Inspiring perspective

We are part of a worldwide community working to leave the world better than the way we found it through education. Being a teacher in a free and democratic public education system puts you in solidarity with teachers around the world who have the same goals you have. Please know that the work you do is absolutely vital to the well-being of our local community and our global community.

As you got ready for work today wondering how you were going to help that student who lost a loved one, know that there are teachers in Iraq getting up today wondering the same thing. You would be inspired by how determined they are to breathe life into their educational system and you need to know that our work on behalf of public education inspires them, too.

As you brainstorm with the school social worker how to get extra uniforms for your students, know that teachers in Indonesia are doing the same thing. Here uniforms are a part of school choice. In Indonesia, no uniform means that a girl has no choice for any school. You need to know that our work on behalf of all students inspires them.

You steel your nerves, gather your courage, and speak from the heart of your expertise at a meeting, fully expecting the brunt of retaliation that may be coming. Know that there are teachers in detention in China for doing the same thing who are inspired by our organizing work.

You may decide at the end of the day to stand up for public education, stand up for your students, to stand up for your colleagues as your way of standing up for a free and democratic public education despite some vague threat of intimidation. Know that teachers in Zimbabwe stood up with you in the name of democracy as they acted as election poll watchers across their country and they are inspired by our activism.

Your work and the work of teachers across the world must continue for our future to have the promise it is supposed to have. We have much work to do to make that happen. Please continue to stand together with me as a member of the St. Paul Federation of Teachers to do it.

Thank you!

Monday, May 5, 2008

True Teacher Appreciation

Teacher appreciation day is celebrated at roughly the same time of year in South Korea as it is here. When I taught in Seoul in 1997-98 I experienced the most lavish teacher appreciation day ever. By the end of the day I had more candy, make-up, lovely hankies, homemade jewelry and pillows than I knew what to do with. Despite my luggage restrictions however, at the end of my teaching experience there everything I couldn't eat made it home with me.
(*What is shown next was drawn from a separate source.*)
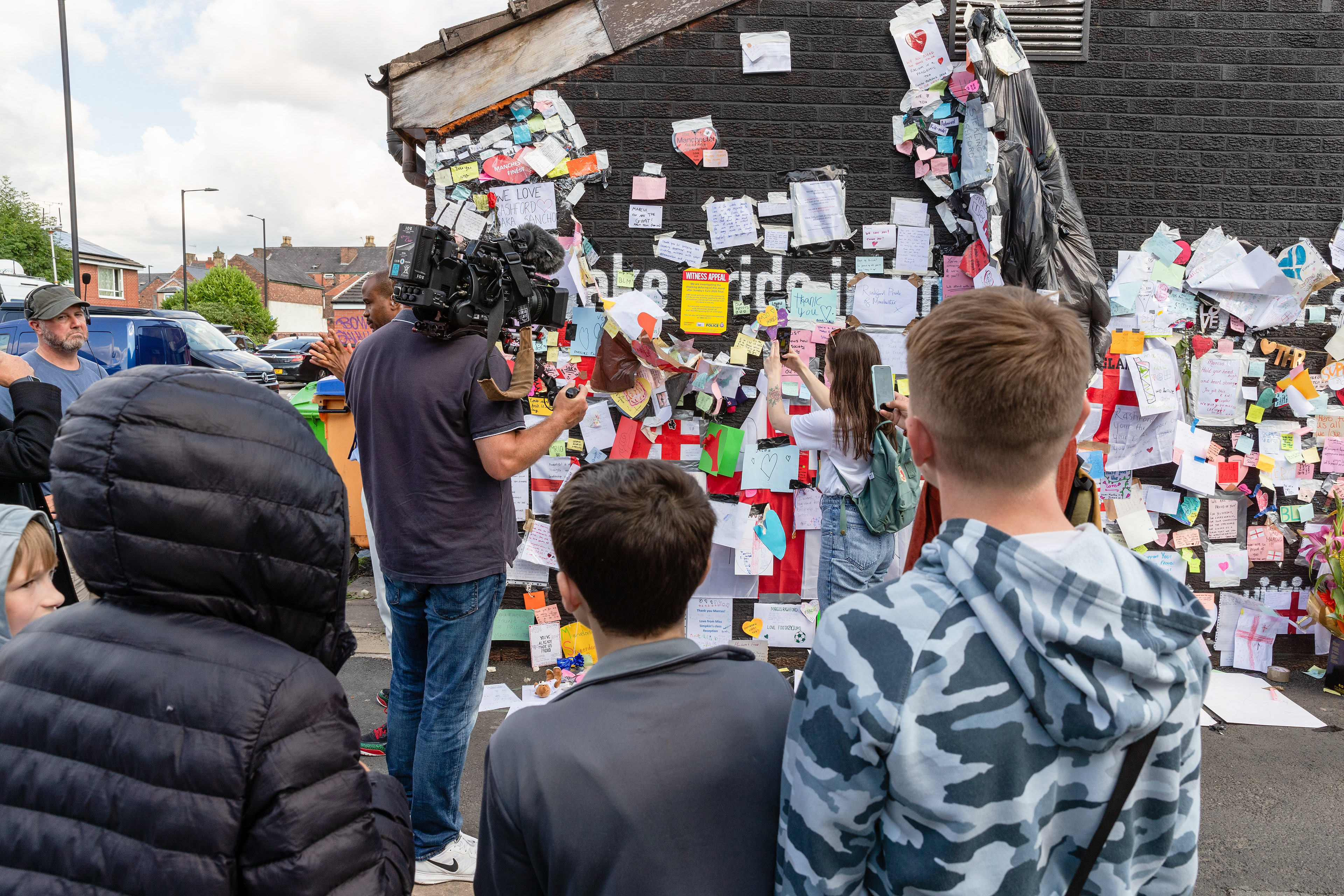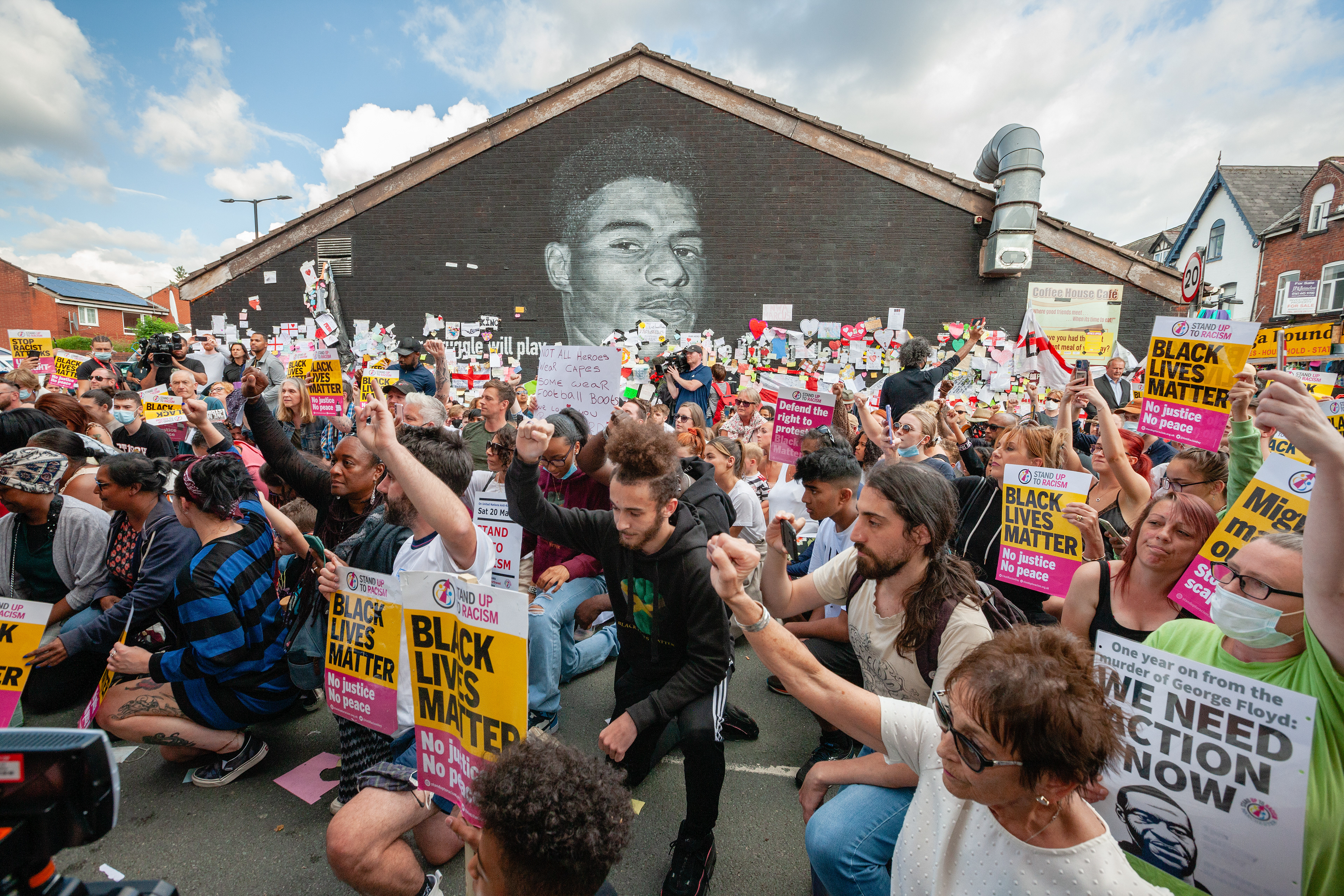 Residents Gather by the Marcus Rashford Mural in Withington on 13 July 2021. Manchester, England. 2021.

I found myself wondering if Teacher Appreciation Day could ever be that way in the United States, and if it could, would I want it to be?
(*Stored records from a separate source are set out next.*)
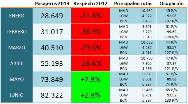 La salida de Ryanair de la ruta a Madrid es la protagonista. En enero de 2012 transportó a 6.247 viajeros, en febrero a 6.661, en marzo a 7.701, en abril a 8.519, en mayo a 9.387 y en junio a 9.306. Cada mes es la causante de la disminución de, mínimo, un tercio de los usuarios con la mayor coincidencia en enero.
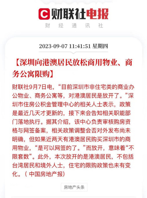 2023年9月7日從深圳市住房公積金管理中心的相關人士處獲悉,“目前深圳市非住宅類的商業(yè)辦公物業(yè)、商務公寓等,對港澳居民是放開了?!痹撊耸勘硎?,政策是最近幾天才更新的,接下來會告知相關職能部門落地執(zhí)行
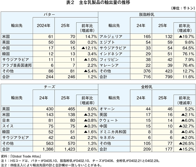 欧州委員会によると、2025年のEU域外向け乳製品輸出量は、バターが前年比1.2%増、脱脂粉乳が同11.6%増、チーズが同2.6%増と、いずれも前年を上回った。一方、全粉乳は同15.2%減と、前年をかなり大きく下回った(表2)。
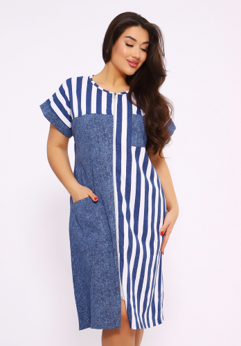 Женский халат на молнии из набивной кулирки в стильной джинсовой полоске
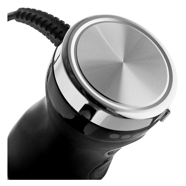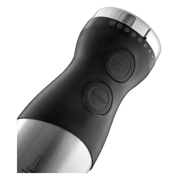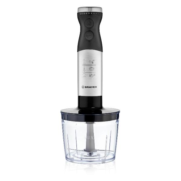 Погружной блендер Brayer BR1244 в черно-стальном исполнении комплектуется четырьмя насадками, пластиковым кувшином объемом 500 мл и мерным стаканам на 700 мл. Измельчающая часть прибора выполнена из нержавеющей стали и может очищаться от остатков продуктов при помощи посудомоечной машины. Модель потребляет 800 Вт мощности и поддерживает плавный запуск двигателя, турборежим и девять скоростей, регулируемые механическим управлением. Питание осуществляется от сети при помощи 1,2-метрового кабеля.
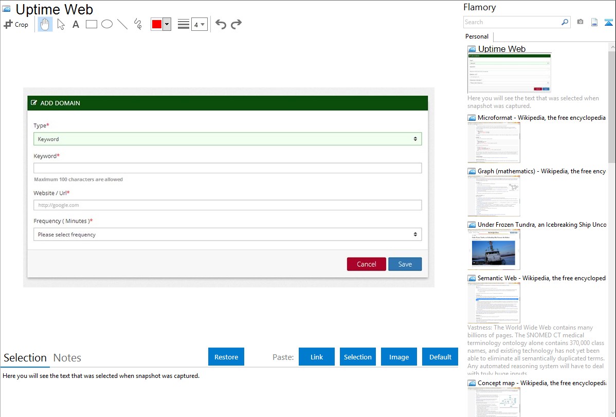 Flamory helps you capture and store screenshots from Uptime Web by pressing a single hotkey. It will be saved to a history, so you can continue doing your tasks without interruptions. Later, you can edit the screenshot: crop, resize, add labels and highlights. After that, you can paste the screenshot into any other document or e-mail message.
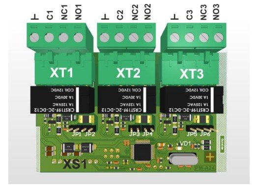 Релейный модуль предназначен для установки в корпус приборов приемно-контрольных серии "А24" и увеличения емкости приборов на 3 релейных выхода с возможностью контроля целостности цепи управления.
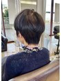 頭の形が綺麗に見えるように後頭部の丸いフォルムにこだわり、めりはりがつくように首元はしっかり短くしめて作っています。イノアカラーを使用しました。しっかりと白髪も染まって、手触りも良く、つやっつやに仕上がります^^
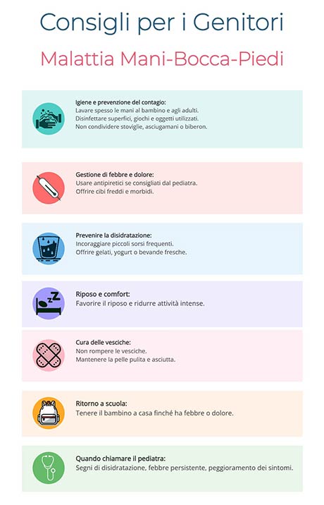 - Tuttavia, è consigliabile tenere il bambino a casa finché ha febbre, malessere o vesciche dolorose in bocca (per evitare contagio e per il suo benessere).
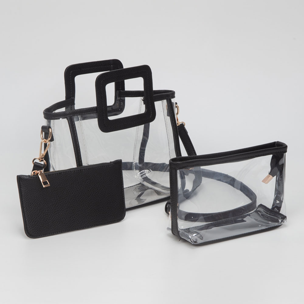 • Stylish clear 3-piece bag set featuring a structured top-handle tote, detachable crossbody insert and matching zip pouch. Ideal for stadium events and everyday organization, offering convenient storage, lightweight design and versatile carrying options for on-the-go use.
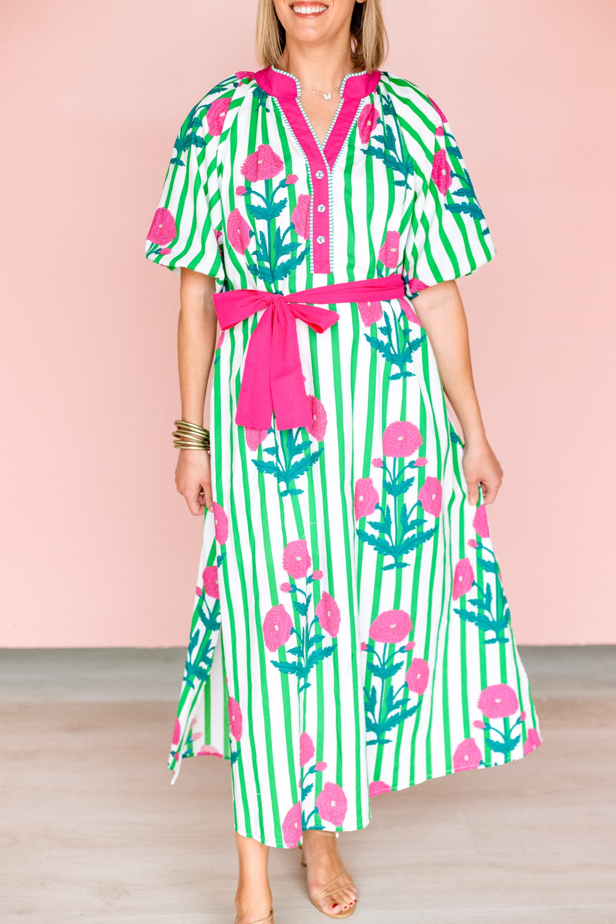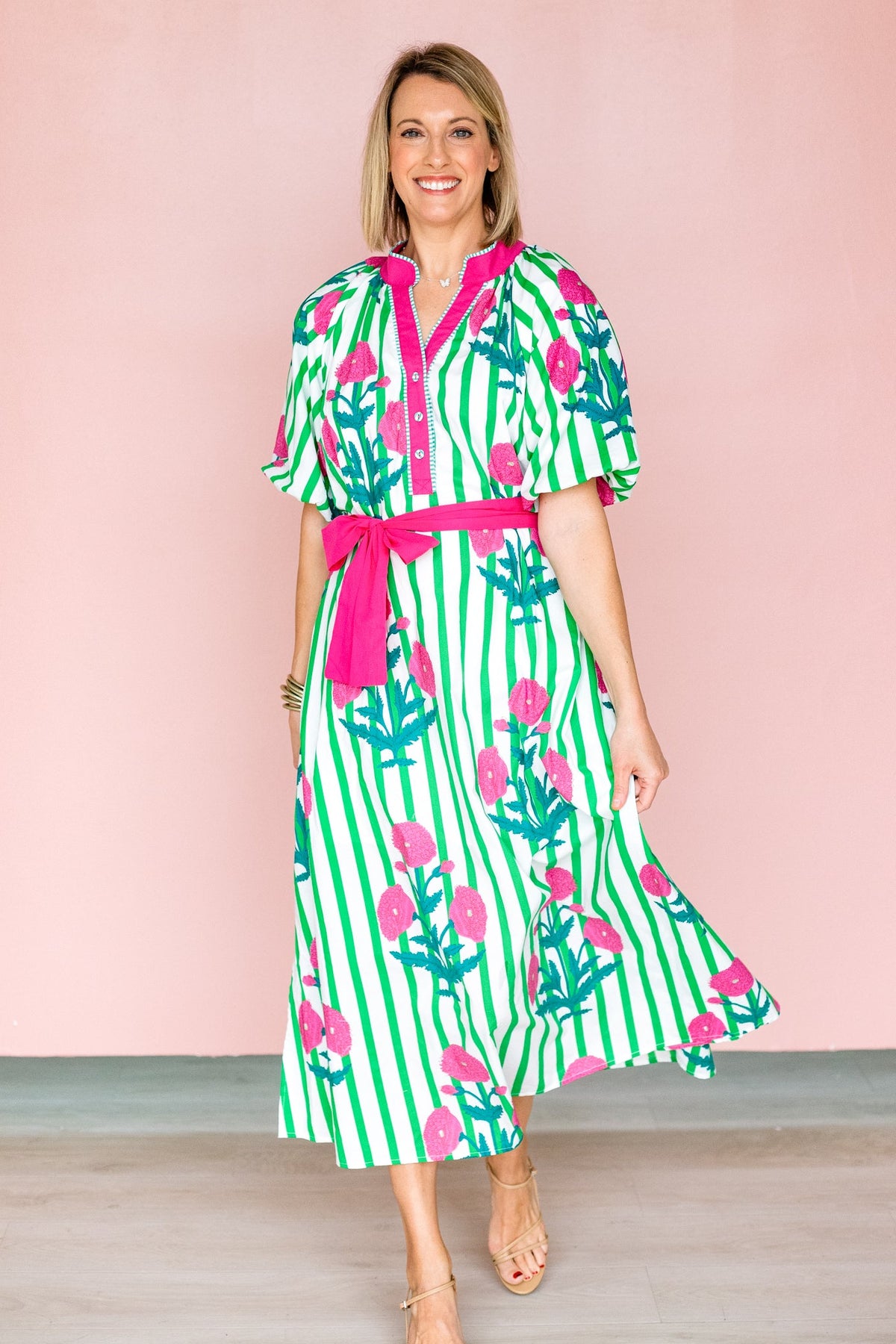 Fall in love with this fresh take on the classic stripe dress! The beautiful green tones and cabana stripes bring a playful yet polished vibe to your wardrobe. The flattering midi length and breezy fit create an effortlessly chic silhouette that's perfect for any occasion. Style it with sandals for daytime or dress it up with wedges for evening—this versatile beauty does it all!

Having had the opportunity to attend a few recognition and retirement dinners, I have heard 2 things over and over from retiring teachers. First, that those notes and mementos we get from students are often the only things we pack up and take home at the end of our careers, and second that the best appreciation gift we could get would be respect for what it takes to dedicate your life to teaching.

Over the years it is obvious that there are students we connect with, students who found us valuable. The notes they grace us with make it obvious that our students don't necessarily care when Teacher Appreciation Day falls on the calendar. In fact, it is often the extemporaneous, impetuous thank you that brings us to tears.

I am determined to see true teacher appreciation recognized someday in policy. It seems I can come up with a laundry list of how NOT to feel appreciated: PLCs prescribed to the minute, administrators who announce to a specific teacher at a staff meeting "You do know the voluntary transfer pool is open, don't you?", a promising statewide insurance pool idea stuck in neutral at the state capitol, jaw-dropping-eye-popping-hip-hopping-technology expectations that aren't paid for, and more mandates for license renewal yet more back doors into the profession.

I am thankful for that drawer full of notes, the homemade jewelry, and such. Those messages, especially, can do wonders at the end of a day filled with standardized tests, stolen computers, and stink-eyes. But it is time for a more vocal and permanent message that will endure in this profession long after we have taken our notes home with us and our profession is inherited by the next wave of bright and brave souls.

It is time for that message of respect.